Although it’s fairly common to work with data on their local file system, in an enterprise environment it can be more effective to store the data in a central location where multiple data scientists and machine learning engineers can access it.

In this exercise, you’ll explore datastores and datasets, which are the primary objects used to abstract data access in Azure Machine Learning.

Before You start

If you have not already done so, complete the Create an Azure Machine Learning Workspace exercise to create an Azure Machine Learning workspace and compute instance, and clone the notebooks required for this exercise.

Open Jupyter

While you can use the Notebooks page in Azure Machine Learning studio to run notebooks, it’s often more productive to use a more fully-featured notebook development environment like Jupyter.

  1. In Azure Machine Learning studio, view the Compute page for your workspace; and on the Compute Instances tab, start your compute instance if it is not already running.
  2. When the compute instance is running, click the Jupyter link to open the Jupyter home page in a new browser tab.

Work with datastores and datasets

In this exercise, the code to work with data is provided in a notebook.

  1. In the Jupyter home page, browse to the /users/your-user-name/mslearn-dp100 folder where you cloned the notebook repository, and open the Work with Data notebook.
  2. Then read the notes in the notebook, running each code cell in turn.
  3. When you have finished running the code in the notebook, on the File menu, click Close and Halt to close it and shut down its Python kernel.

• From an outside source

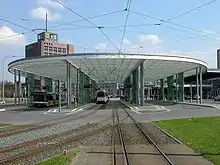 In 1999 to 2000, in preparation for Expo 2000, a local transport terminal was built in front of the station. The inauguration of the installation, which is protected against the weather with a 100-metre-long (330 ft) canopy, was carried out in May 2000. Simultaneously, the first tracks (with an additional standard gauge rail) were laid for the future standard gauge tramway in the area of the station. In local services, it was proposed that lines 1, 2, 3 and 10 of the RegioStadtBahn (regional light rail) would also serve the station, with work starting in about 2014,[9] although this is in doubt. Its first stage would connect the station and Braunschweig North station (Nordbahnhof) with Salzgitter, Goslar, Bad Harzburg, Schöppenstedt, Gifhorn and Uelzen. The RegioStadtBahn would use two unused platforms in the local station, which as yet have no tracks. The connection to the DB network would take place in the immediate vicinity with an on and off ramp from the embankment. In 2005, a new tram link on the Heinrich-Büssing-Ring was opened to the station. It connects the station with the suburbs of Heidberg, Melverode and Stöckheim in the south of Braunschweig. The new route to Stöckheim was commissioned on 15 October 2006.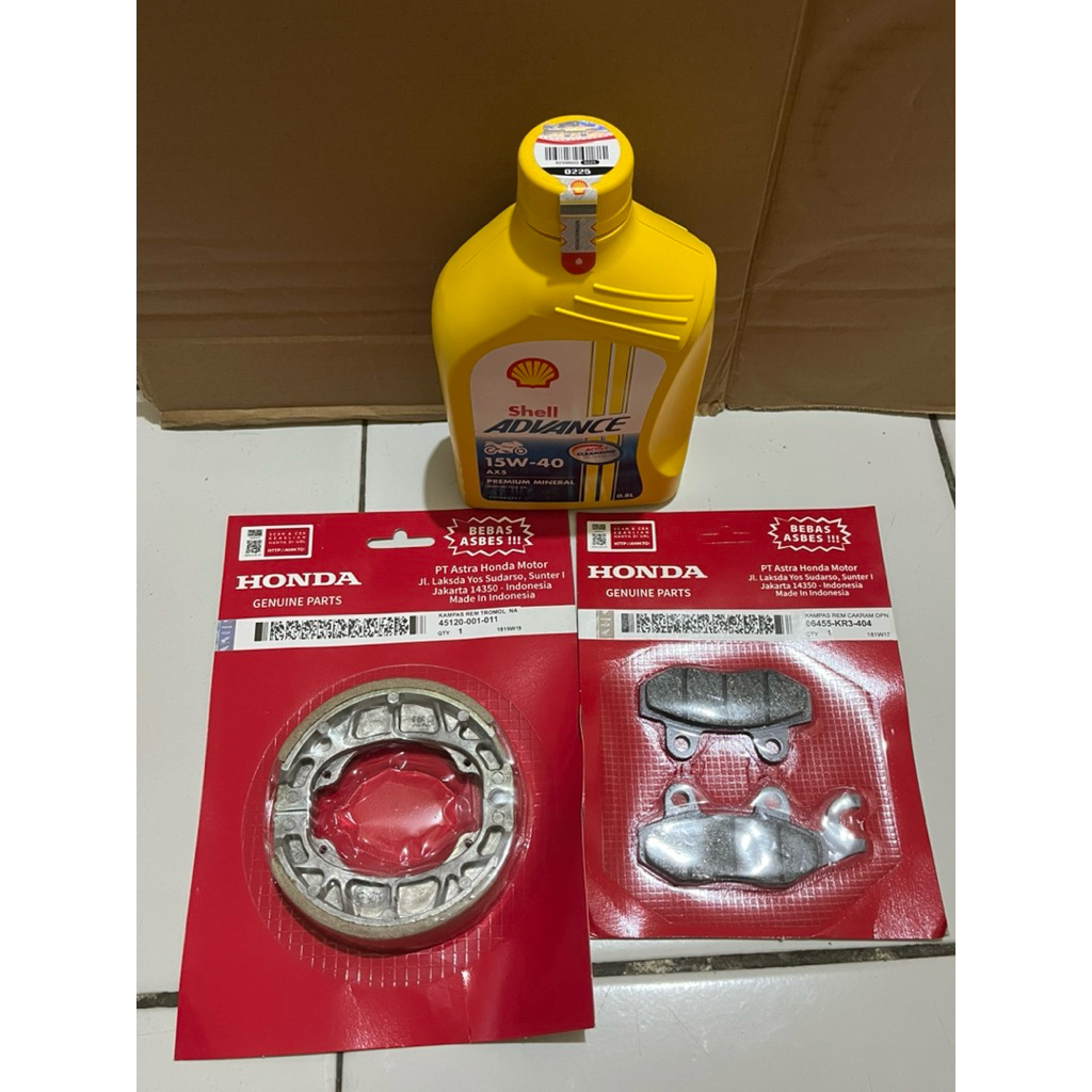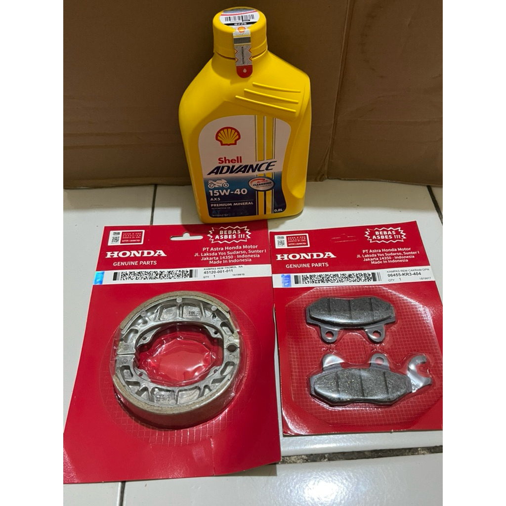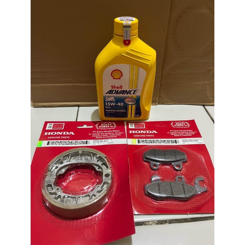 Kampas Rem depan + BELAKANG OLI SHELL ADVANCE AX5 0,8 MOTOR SUPRA KARISMA SUPRA X 125 SUPRA FIT NEW LEGENDA

Then close all Jupyter browser tabs.

Clean-up

If you’re finished working with Azure Machine Learning for now, in Azure Machine Learning studio, on the Compute page, on the Compute Instances tab, select your compute instance and click Stop to shut it down. Otherwise, leave it running for the next lab.

Note: Stopping your compute ensures your subscription won’t be charged for compute resources. You will however be charged a small amount for data storage as long as the Azure Machine Learning workspace exists in your subscription. If you have finished exploring Azure Machine Learning, you can delete the Azure Machine Learning workspace and associated resources. However, if you plan to complete any other labs in this series, you will need to repeat the Create an Azure Machine Learning Workspace exercise to create the workspace and prepare the environment first.